■ Exercise details ■
Retype exactly the lines from the one that contains "支持重拍闪光和倒计时功能,这" through the end of the listing, both included, but not the pictures.

■ Data block ■
·····
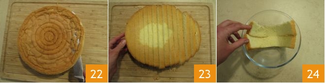 When the sponge cake is cooled, remove the top crust 22, then turn it upside down and cut it into slices about 0.4 inches thick 23. At this point, get a zuccotto mold, or a glass bowl, 6.7 inches in diameter and 4.3 inches in height. Arrange the freshly cut slices inside, making them adhere well to the edges 34.
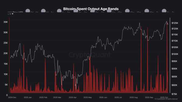 Gemäß der On-Chain-Analyse von CryptoQuant wurden am 7. Oktober 34.300 Bitcoin im Wert von insgesamt 4,15 Milliarden Dollar über die Blockchain verschoben – aus Wallets, die zuvor zwischen drei und fünf Jahren inaktiv gewesen waren. Dies ist die umfangreichste Bewegung des Jahres und fiel mit einem kurzzeitigen Preisrückgang von etwa 125.000 Dollar auf 120.000 Dollar zusammen.
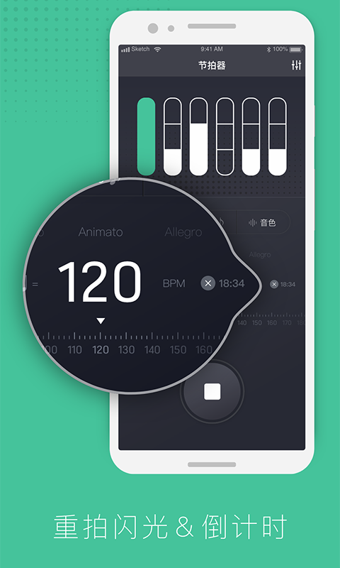 支持重拍闪光和倒计时功能,这些视觉辅助工具大大提升了练习的便利性。重拍闪光让用户能够直观地识别强拍位置,而倒计时功能则为练习开始提供了准备时间,使训练过程更加专业和高效。
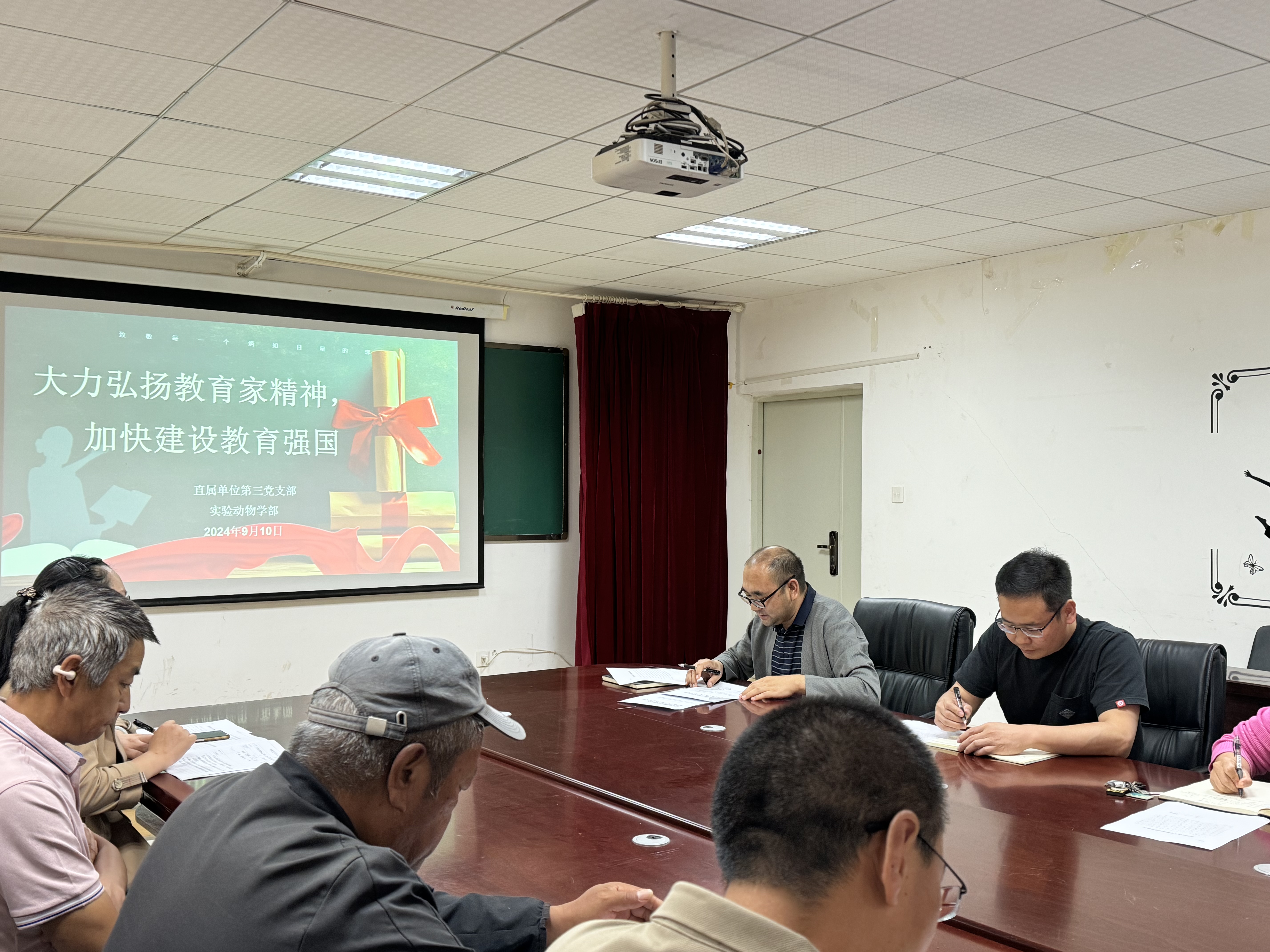 为热烈庆祝全国第40个教师节,深入贯彻习近平新时代中国特色社会主义思想,落实立德树人根本任务,全面贯彻党的教育方针,充分发挥先进典型的示范带动作用,积极营造尊师重教的浓厚氛围,实验动物学部于2024年9月10日在101会议室组织开展2024年教师节专题活动。
·····
■ Exercise output ■
 支持重拍闪光和倒计时功能,这些视觉辅助工具大大提升了练习的便利性。重拍闪光让用户能够直观地识别强拍位置,而倒计时功能则为练习开始提供了准备时间,使训练过程更加专业和高效。
 为热烈庆祝全国第40个教师节,深入贯彻习近平新时代中国特色社会主义思想,落实立德树人根本任务,全面贯彻党的教育方针,充分发挥先进典型的示范带动作用,积极营造尊师重教的浓厚氛围,实验动物学部于2024年9月10日在101会议室组织开展2024年教师节专题活动。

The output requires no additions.